• _Work order_
Return the records below exactly; pictures stay out.

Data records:
--- START ---

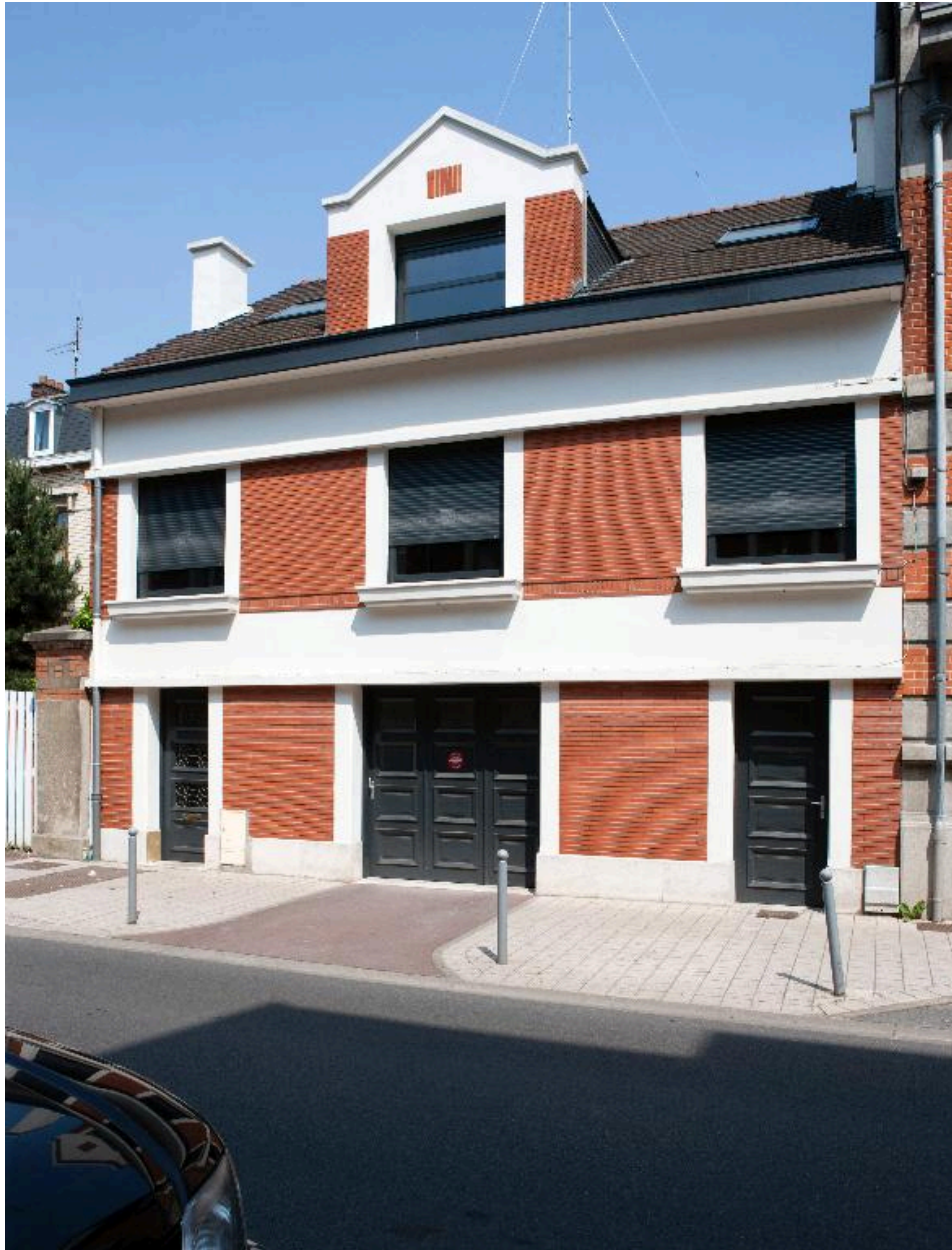
Maison construite dans les années 1940-50, rue Mathieu-Dumoulin.
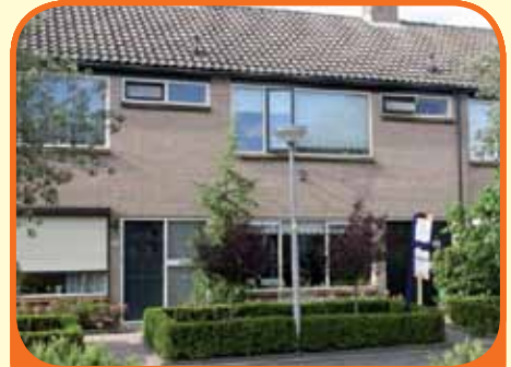
HEETEN, Vredeveldstraat 10

Moderne tussenwoning, bj. 1974, met aangebouwde berging/bijkeuken en 147 m 2 grond. Fraai aangelegde tuin met achterom. Kenmerken: doorzonkamer (30 m 2 ) met eiken houten vloer, dichte keuken met inbouwapparatuur, 4 slaapkamers, badkamer met douche en wastafelmeubel en op verdieping separaat 2e toilet.
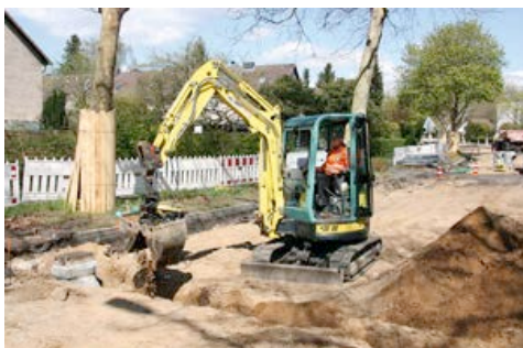
Alte Landstraße Hamburg: Minibagger aus dem HKL MIETPARK heben tiefe Gruben für Drosselwerke, Filterschächte und Rohrelemente aus.
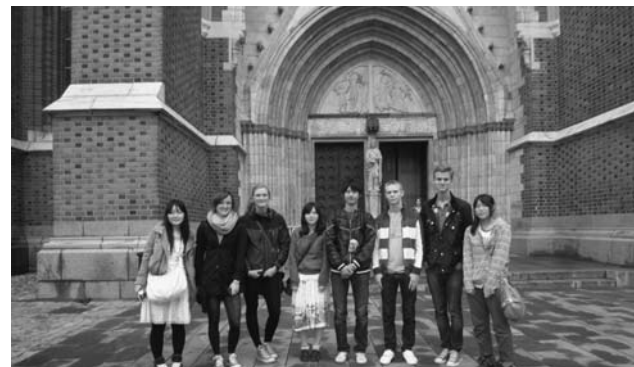
▲市内の高校生4人をオーロラ大使として派遣(9月17日〜24日 スウェーデン)
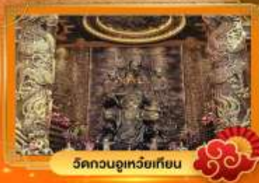
วัดกวนอู๋เหยี่ยวเทียน

--- END ---

• _Solution_
Maison construite dans les années 1940-50, rue Mathieu-Dumoulin.
HEETEN, Vredeveldstraat 10

Moderne tussenwoning, bj. 1974, met aangebouwde berging/bijkeuken en 147 m 2 grond. Fraai aangelegde tuin met achterom. Kenmerken: doorzonkamer (30 m 2 ) met eiken houten vloer, dichte keuken met inbouwapparatuur, 4 slaapkamers, badkamer met douche en wastafelmeubel en op verdieping separaat 2e toilet.
Alte Landstraße Hamburg: Minibagger aus dem HKL MIETPARK heben tiefe Gruben für Drosselwerke, Filterschächte und Rohrelemente aus.
▲市内の高校生4人をオーロラ大使として派遣(9月17日〜24日 スウェーデン)
วัดกวนอู๋เหยี่ยวเทียน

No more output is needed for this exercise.